**TASK TO CARRY OUT:** Reproduce the lines of the material exactly, excluding every image.

**STORED DATA:**

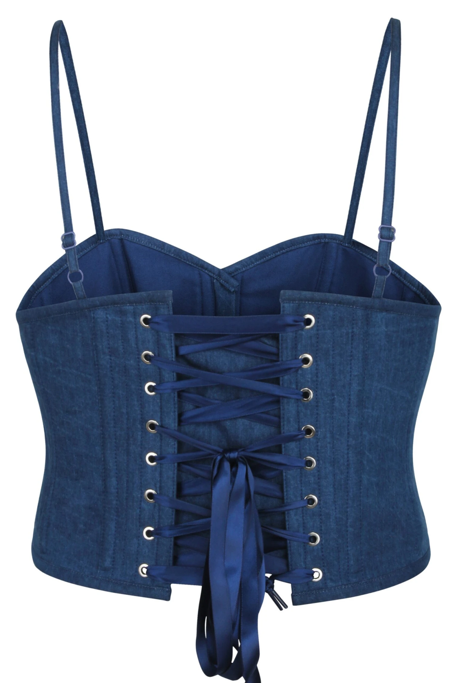 The Delia cropped top in a classic blue Chambray is bound to become a favourite piece in your wardrobe. Style with the Sammy skirt for a double denim look or wear with ease with our floral skirts and shorts. Easy to put on thanks to the simple zip front and fully adjustable spaghetti straps.
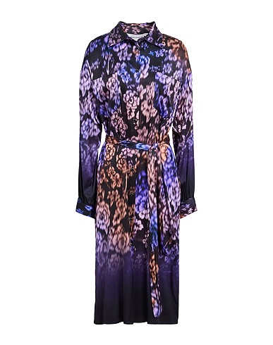 shirt dress, satin, floral-print, belt, classic collar, long sleeves, unlined, button fastenings, multipockets, stretch, dry clean, do not bleach, do not tumble dry
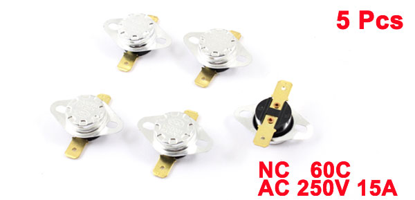 5 Pcs KSD301 60C NC Temperature Controller Switch Thermostat AC 250V 15A

**EXERCISE SOLUTION:**
 The Delia cropped top in a classic blue Chambray is bound to become a favourite piece in your wardrobe. Style with the Sammy skirt for a double denim look or wear with ease with our floral skirts and shorts. Easy to put on thanks to the simple zip front and fully adjustable spaghetti straps.
 shirt dress, satin, floral-print, belt, classic collar, long sleeves, unlined, button fastenings, multipockets, stretch, dry clean, do not bleach, do not tumble dry
 5 Pcs KSD301 60C NC Temperature Controller Switch Thermostat AC 250V 15A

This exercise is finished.